参考:
https://blog.csdn.net/qq_41080850/article/details/83829045
https://blog.csdn.net/aijiudu/article/details/89387328
python绘制箱线图boxplot():https://blog.csdn.net/weixin_44052055/article/details/121442449
如下灰色框里的就是箱形图(英文:Box plot):又称为盒须图、盒式图、盒状图或箱线图,是一种用作显示一组数据分散情况资料的统计图。因型状如箱子而得名。
箱形图最大的优点就是不受异常值的影响,可以以一种相对稳定的方式描述数据的离散分布情况。
五数概括法:即用下面的五个数来概括数据(最小值;第1四分位数(Q1);中位数(Q2);第3四分位数(Q3);最大值),箱形图与之类似。
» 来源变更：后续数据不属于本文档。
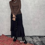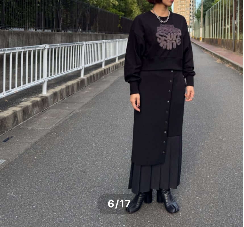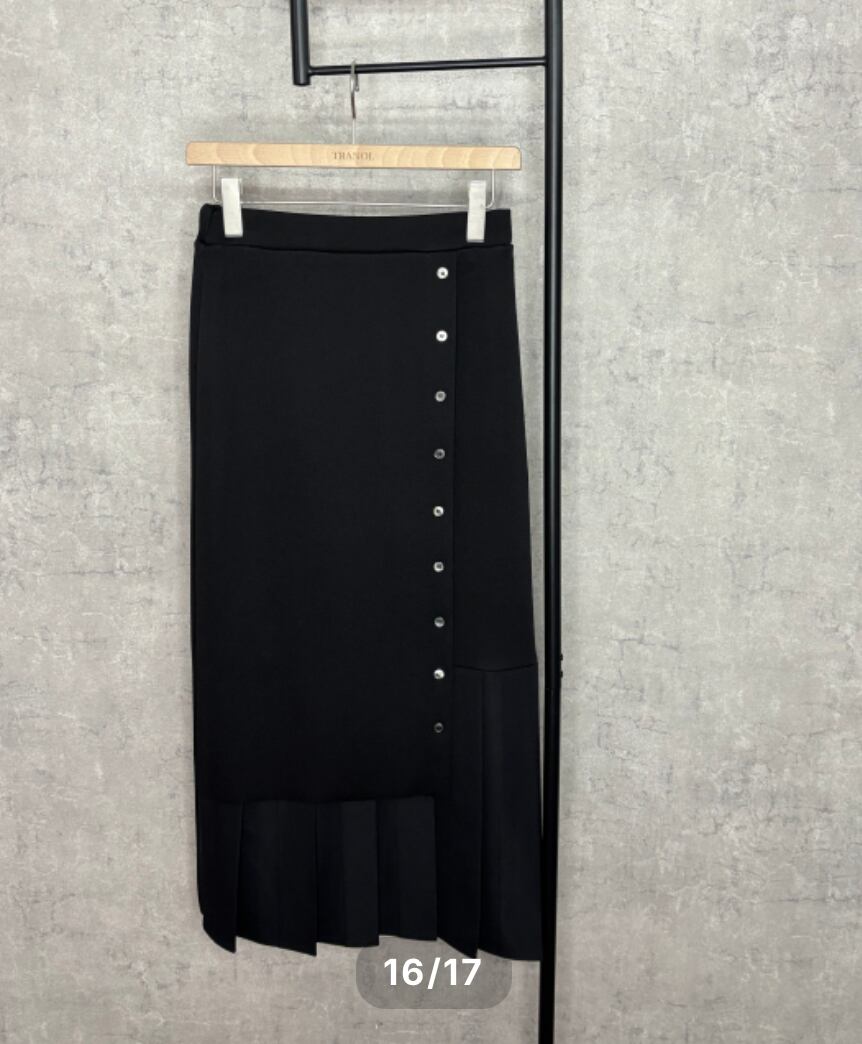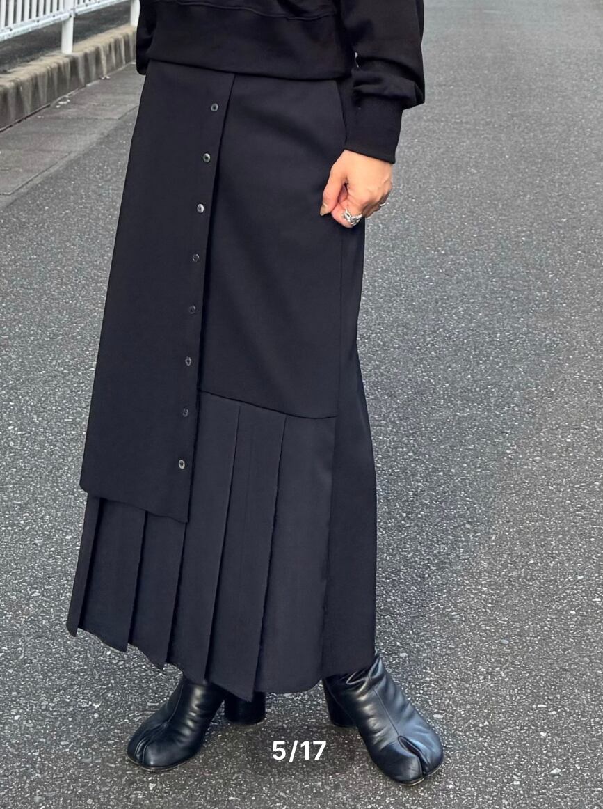 プリーツドッキング タイトスカート ブラック(TRANOI)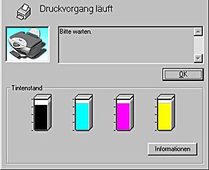 Sie können den Füllstand der Tintenpatronen entweder mit dem EPSON-Statusmonitor3 oder dem Fortschrittsbalken prüfen. Näheres finden Sie jeweils im entsprechenden Abschnitt weiter unten.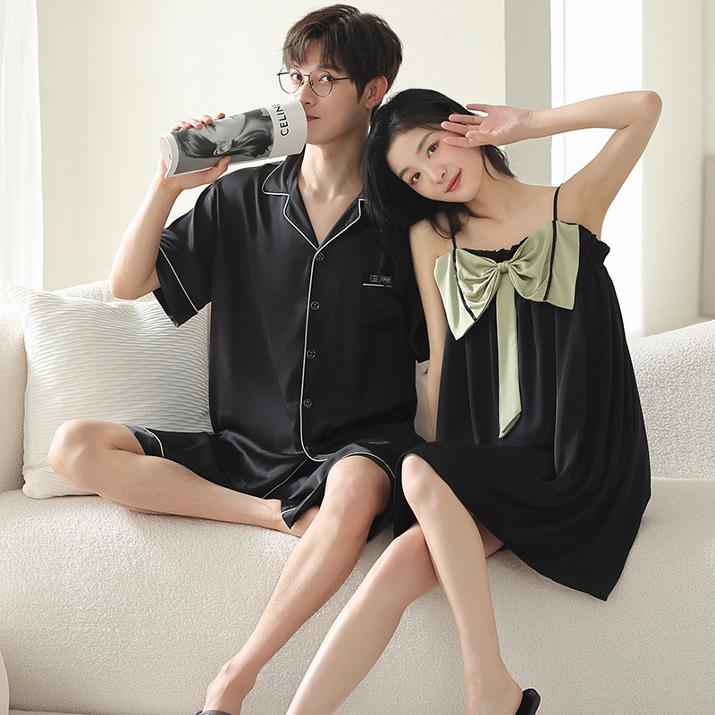 Piyama pasangan musim panas wanita, baju tidur tali sutra es gaya keinginan murni musim panas lengan pendek longgar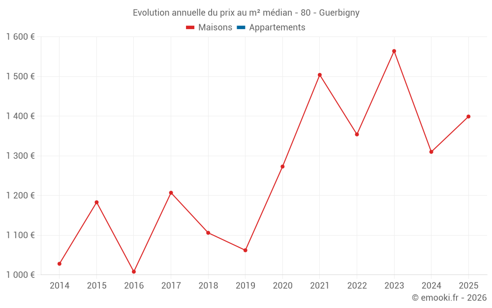 Carte des prix de l'immobilier dans la commune de Guerbigny, choississez une section pour voir les transactions par parcelle.

python 中已经提供了很多种箱型图的绘制方法,为我们使用者带来了极大的便利,可用的方法有
pandas
包中的Series.plot()
、DataFrame.plot()
或DataFrame.boxplot()
方法;seaborn
包中的cataplot()
或者boxplot()
,其中seaborn.boxplot()
是seaborn.cataplot()
的参数kind='box'
时的一种情况;matplotlib
包中axes
对象的boxplot()
方法。这么多种方法,具体的使用可以参看:https://blog.csdn.net/qq_41080850/article/details/83829045,这里只贴两个个人感觉比较简洁的。
import numpy as np
import pandas as pd
import matplotlib.pyplot as plt
data = [1200, 1300, 1400, 1500, 1600, 1700, 1800, 1900, 2000, 2100]
df = pd.DataFrame(data)
df.plot.box(title="Box figure")
plt.show()
import numpy as np
import pandas as pd
import matplotlib.pyplot as plt
data = [1200, 1300, 1400, 1500, 1600, 1700, 1800, 1900, 2000, 2100]
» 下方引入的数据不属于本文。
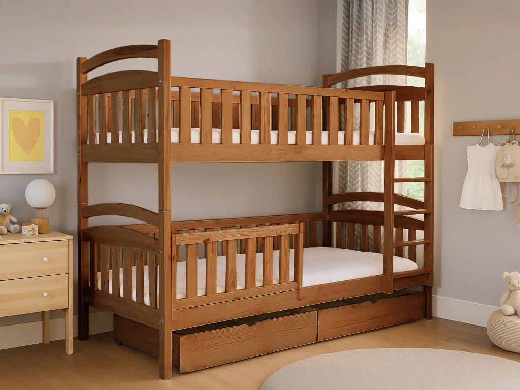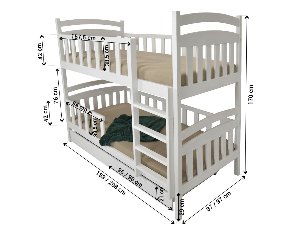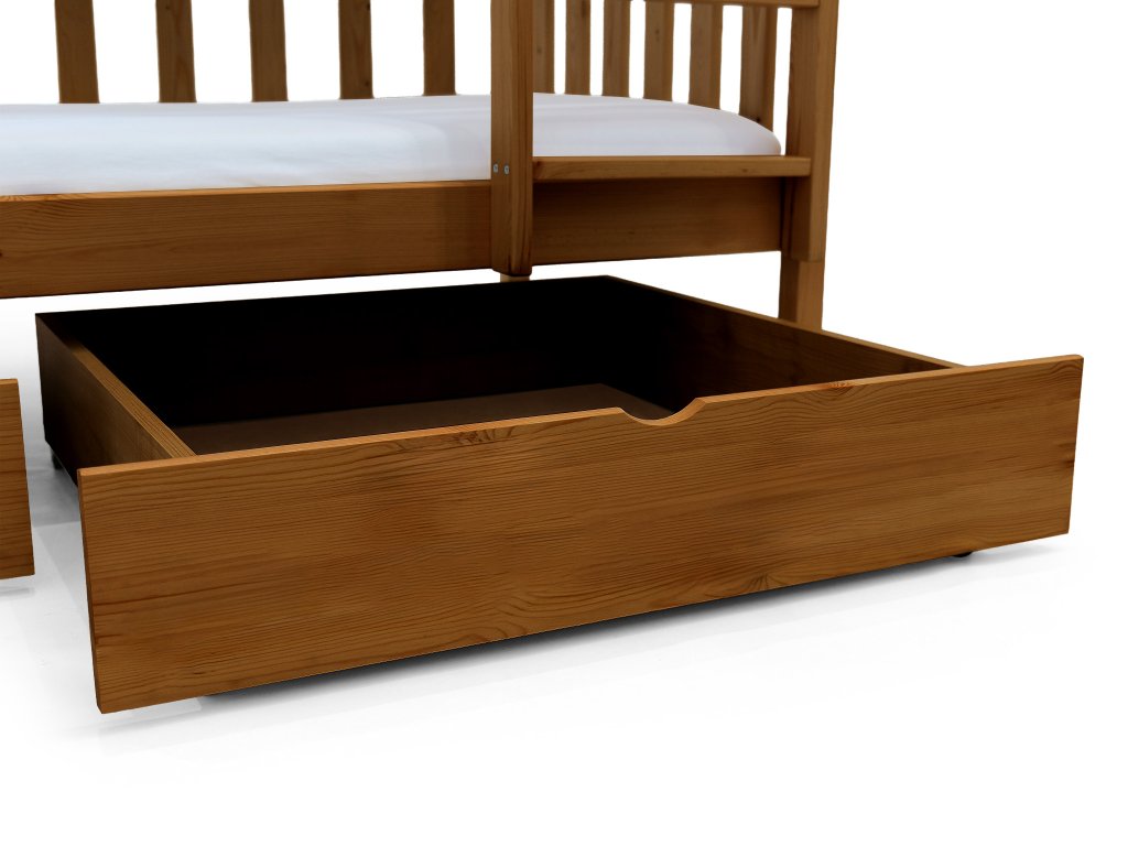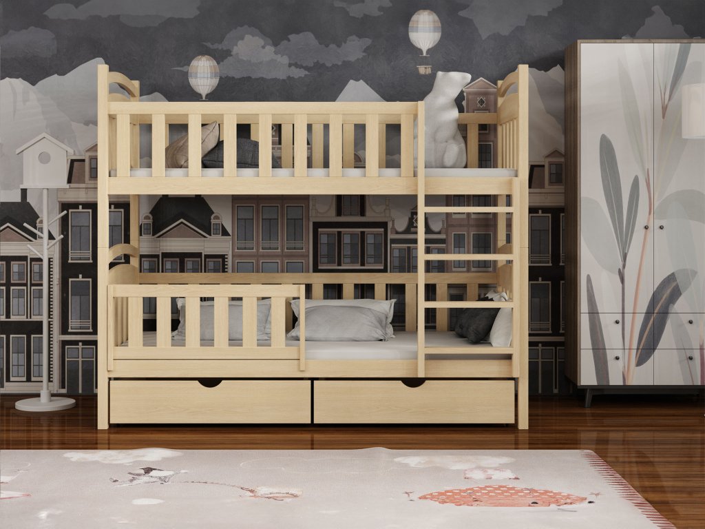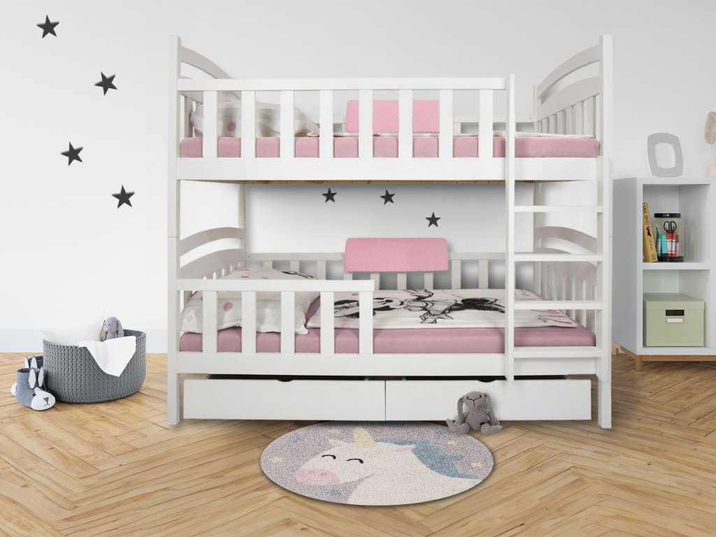 Masszív és strapabíró Paula 7 emeletes ágy, amely igazán helytakarékos megoldás. Ráadásul felnőttek és gyerekek számára is megfelelő. Imádni fogja a gyönyörű tömör borovi fenyőből készült emeletes ágyakat tároló fiókokkal, szilárd szerkezettel. Az emeletes gyerekágyak 3x vannak lakkozva egészségre nem ártalmas ökológiai lakkal. Különböző színekben elérhető! Az ágy szélei le vannak kerekítve, hogy ne okozzanak sérülést. Az emeletes ágy könnyen szétszedhető 2 önálló fekhelyre. Az ágyrácsok szintén erős tömör fából készültek. Az ágy univerzális, tehát kétoldalas. Szerelés előtt döntheti el, hogy jobb vagy bal oldalra szeretné szerelni a létrát. Az emeletes ágy 2 tároló fiókot tartalmaz, amelyek kerekeken mozognak, hogy ne okozzanak sérülést a padlón. Nincsenek rögzítve, tehát nagyon könnyű a mozgatásuk.

fig,ax=plt.subplots(figsize=(6, 6), dpi=100, facecolor='w')
ax.boxplot(data,sym='rd',positions=[2])
plt.show()
(发现有人已经做了,拿来轮子直接用)
https://blog.csdn.net/weixin_44052055/article/details/121442449
上面的博客,对这个函数的参数介绍非常详细,常用的参数下面列一下:
参数 | 含义 |
---|---|
x | 指定要绘制箱线图的数据,可以是一组数据也可以是多组数据; |
notch | 是否以凹口的形式展现箱线图,默认非凹口; |
sym | 指定异常点的形状,默认为蓝色的+号显示; |
vert | 是否需要将箱线图垂直摆放,默认垂直摆放; |
whis | 指定上下须与上下四分位的距离,默认为1.5倍的四分位差; |
positions | 指定箱线图的位置,默认为range(1, N+1),N为箱线图的数量; |
widths | 指定箱线图的宽度,默认为0.5; |
patch_artist | 是否填充箱体的颜色,默认为False; |
meanline | 是否用线的形式表示均值,默认用点来表示; |
showmeans | 是否显示均值,默认不显示; |
showcaps | 是否显示箱线图顶端和末端的两条线,默认显示; |
showbox | 是否显示箱线图的箱体,默认显示; |
showfliers | 是否显示异常值,默认显示; |
boxprops | 设置箱体的属性,如边框色,填充色等; |
labels | 为箱线图添加标签,类似于图例的作用; |
flierprops | 设置异常值的属性,如异常点的形状、大小、填充色等; |
medianprops | 设置中位数的属性,如线的类型、粗细等; |
meanprops | 设置均值的属性,如点的大小、颜色等; |
capprops | 设置箱线图顶端和末端线条的属性,如颜色、粗细等; |
whiskerprops | 设置须的属性,如颜色、粗细、线的类型等; |
manage_ticks | 是否自适应标签位置,默认为True; |
autorange | 是否自动调整范围,默认为False; |
可以看到,这个函数也可以绘制多个箱型图,下面是笔者常用的设置:
pos1=list(range(1,10))
wid1=2;wid2=1
tmp=ax.boxplot(datagroup,sym='rd',showmeans=True,meanline=False,
positions=pos1,
medianprops={'color': 'blue','linewidth': str(wid1)}, # medium setting
flierprops={"marker": "o", "markerfacecolor": "red", "markersize": 2}, # error points
#meanprops={'color': 'blue', 'ls': '--', 'linewidth': str(wid)},
meanprops={"marker": "^", "markerfacecolor": "green", "markersize": 12},# mean setting
capprops={'linewidth': str(wid2)}, # caps
boxprops={'linewidth': str(wid1)}, # box
whiskerprops={'linewidth': str(wid2)}, # whisker
)
绘图很简单,但是我得到图形后并不能确切的知道这些箱型图的特征值(均值、中位数等),怎么才能得到这些值呢?首先找了一下,发现有个前辈写了个函数可以满足这一需要
https://www.cnblogs.com/wangxiaobei2019/p/11719453.html
def BoxFeature(input_list):
"""
get the feature of box figure.
> @param[in] input_list: the series
return:
< @param[out] out_list: the feature value
< @param[out_note]: [ave,min,Q1,Q2,Q3,max,error_number]
"""
percentile = np.percentile(input_list, (25, 50, 75), interpolation='linear')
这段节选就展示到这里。